> Dr. Lum's point was that predictive policing software merely hides this dynami...

tech_ken · on Oct 3, 2023

I’m not sure I understand your point. If the model is predicting the probability that police will make an arrest in a location then I think it could perform well on rudimentary classifier metrics without working well in the more general sense of resolving crime. If police could make drug arrests in a location, but tend to do it in ZIP codes with low socioeconomic indices then the model will predict more arrests where socioeconomic indices are low. Police acting on this intel will turn up true positives, and the classifier will get high marks. But because you’re not able to assess the false negative rate properly (the volume of crimes that police didn’t make arrests for) you’re unable to holistically evaluate its performance. I guess in that second sense the model isn’t actually performing well, but because it can’t be measured it doesn’t really get monitored.

jncfhnb · on Oct 3, 2023

You would have to go out of your way, imo, to build a model this stupid. If the claim is that all areas have equal arrest potential, then this should be easily detected in the model. If the modelers were so stupid that they failed to account for the presence of police when estimating the rate of/probability of/total quantity of arrests then sure, they’re just stupid people making stupid models. Or intentionally making stupid models.

But it would be very easy to do something like to predict the probability that a cop makes an arrest given they went to each area. And if there’s no difference in the areas, it should not matter how many times they went there. The rates should be the same.

It seems likely that the models were right and that it’s way easier to make drug arrests in these areas, which was kind of baked into the original premise. So it’s not clear why blaming the modeling is an issue here.

The problem is the externalities of the policy. Not some mode overfitting. Like would you blink if I told you the probability of being able to make a drug arrest in a poor area was 20% higher? Probably not. Does that need to mean that you only go to the poor area? No.

tech_ken · on Oct 3, 2023

> The problem is the externalities of the policy. Not some mode overfitting.
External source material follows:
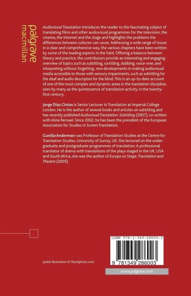 RACHELE ANTONINI is a researcher at the University of Bologna, Italy FRANCESCA BARTRINA is a lecturer in Translation Studies at the University of Vic., Spain LUKASZ BOGUCKI is works Associate Professor and Head of Translation Studies, Department of English Language of Lód? University JONATHAN BURTON is a surtitler at the Royal Opera House, Covent Garden, London, UK ANNAMARIA CAIMI is Associate Professor of English Language and Linguistics at Pavia University, Italy SUSANA CAÑUELO SARRIÓN works as a freelance translator and university teacher. DELIA CHIARO holds a chair in English Linguistics at the University of Bologna's Advanced School in Modern Languages for Interpreters and Translators at Forlì, Italy MARIO DE BORTOLI works for Euro RSCG 4D LUCILE DESBLACHE is Reader in French and Translation at Roehampton University, London, UK PANAYOTA GEORGAKOPOULOU is the Managing Director of the European Captioning Institute ANDREW HOLLAND is head of description at the National Theatre, London, UK JESÚS MAROTO ORTIZ-SOTOMAYOR is at the Universitat Rovira i Virgili, Italy JOSÉLIA NEVES teaches Audiovisual Translation at the Polytechnic Institute of Leiria and at the University of Coimbra, in Portugal PILAR ORERO is a Lecturer at Universitat Autònoma de Barcelona (UAB), Spain, where she coordinates the Online Master in Audiovisual Translation. TOMOYUKI SHIBAHARA is a freelance interpreter, translator and lecturer, working inJapan ERIK SKUGGEVIK is a lecturer in Audiovisual Translation at the University of Surrey, UK STAVROULA SOKOLI is a tutor in Spanish at the Hellenic Open University, Greece and a professional subtitler CHRISTOPHER TAYLOR is Professor of English Language and Translation at the University of Trieste, Italy, where he is Head of the Language Centre. JAN EMIL TVEIT is Associate Professor at the Norwegian School of Economics and Business Administration in Bergen, Norway
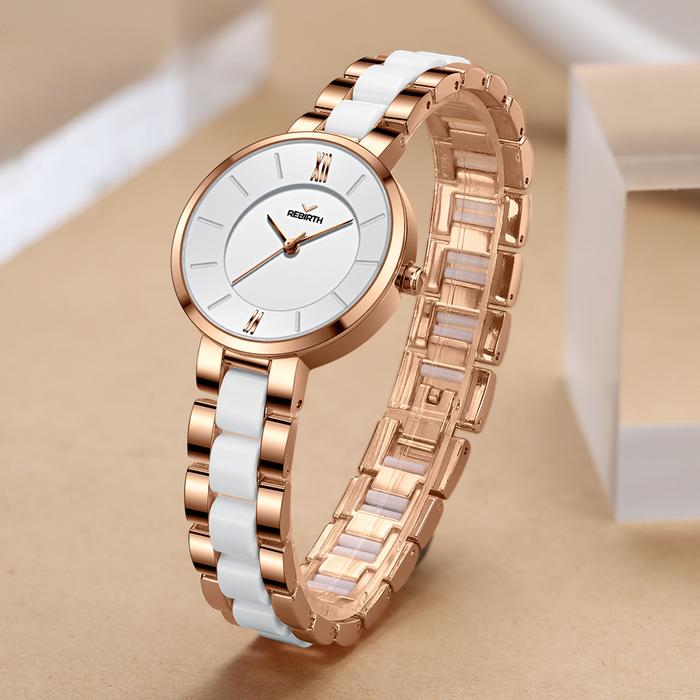 REBIRTH Jam Tangan Wanita Mode Anggun Tali Stainless Steel Jam Cewek

Sure I don't disagree with this. I guess the point is not so much that ML models are bad here in the typical sense (although greedy consultants may, and IMO likely are, happy to pawn off shitty models to jurisdictions which don't know any better), but more that the underlying system isn't one where predictive modeling is truly going to be "effective" (although, as another commenter pointed out, there are cases where predictive modeling works fairly well such as pretrial detention risk assessment). The problem as I see it is that model "efficacy" means one thing to the cops and voters ("effective" in the sense of reducing or preventing crime) and another thing to a data science ("effective" in the sense of able to achieve a high F1 score or w/e). These definitions may be correlated, but are not guaranteed to be, and the strength of the correlation is highly dependent on how the model is ultimately used.

enord · on Oct 3, 2023

That would just depend on a whole host of specifics. Incidentally, the same specifics as for regular statistics as ML is also statistics, and is sensitive to experimental design and sampling just the same.